_What is needed_
Your copy should repeat the data that follows exactly and contain no image.

_Given material_
↓↓↓

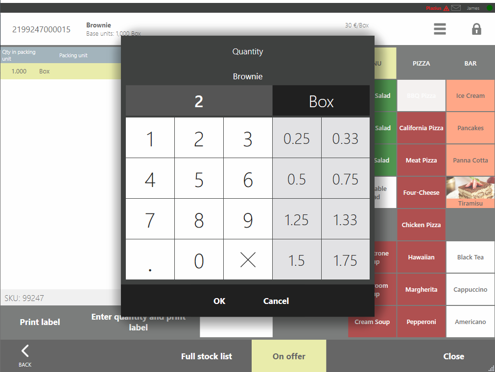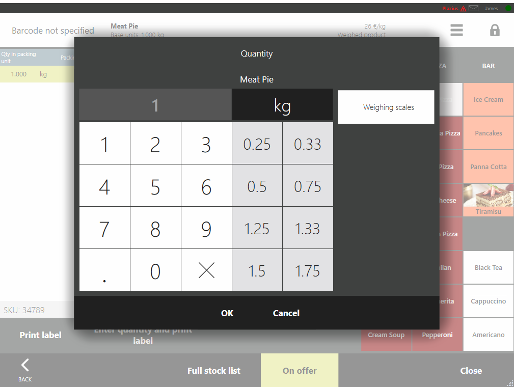 Jeśli Twój terminal jest podłączony do wagi i drukarki kodów kreskowych, możesz używać tego stanowiska do dodawania jednostek opakowań towarów ważonych. Na przykład możesz zważyć kawałek ciasta i wydrukować metkę cenową z kodem kreskowym.
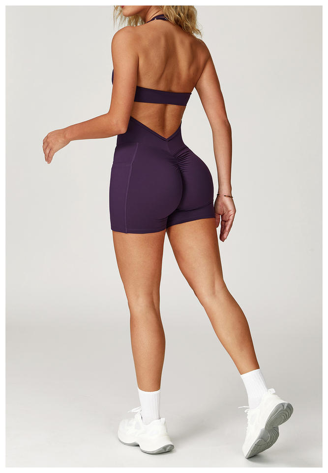 Custom Logo Women Bodysuit With Pocket Women Hollowed-out Beauty Back Hanging Neck Yoga Wear Sports Running Fitness Bodysuit
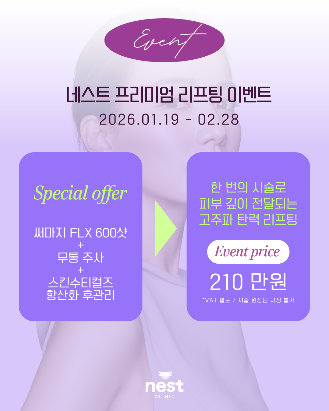 Nest Clinic offers treatments in a comfortable, nest-like atmosphere. With advanced medical technology and personalized care, we provide safe and effective skin lifting and regeneration treatments. Experience quick recovery and satisfying results in a relaxing environment.

↑↑↑

_Response to this exercise_
 Jeśli Twój terminal jest podłączony do wagi i drukarki kodów kreskowych, możesz używać tego stanowiska do dodawania jednostek opakowań towarów ważonych. Na przykład możesz zważyć kawałek ciasta i wydrukować metkę cenową z kodem kreskowym.
 Custom Logo Women Bodysuit With Pocket Women Hollowed-out Beauty Back Hanging Neck Yoga Wear Sports Running Fitness Bodysuit
 Nest Clinic offers treatments in a comfortable, nest-like atmosphere. With advanced medical technology and personalized care, we provide safe and effective skin lifting and regeneration treatments. Experience quick recovery and satisfying results in a relaxing environment.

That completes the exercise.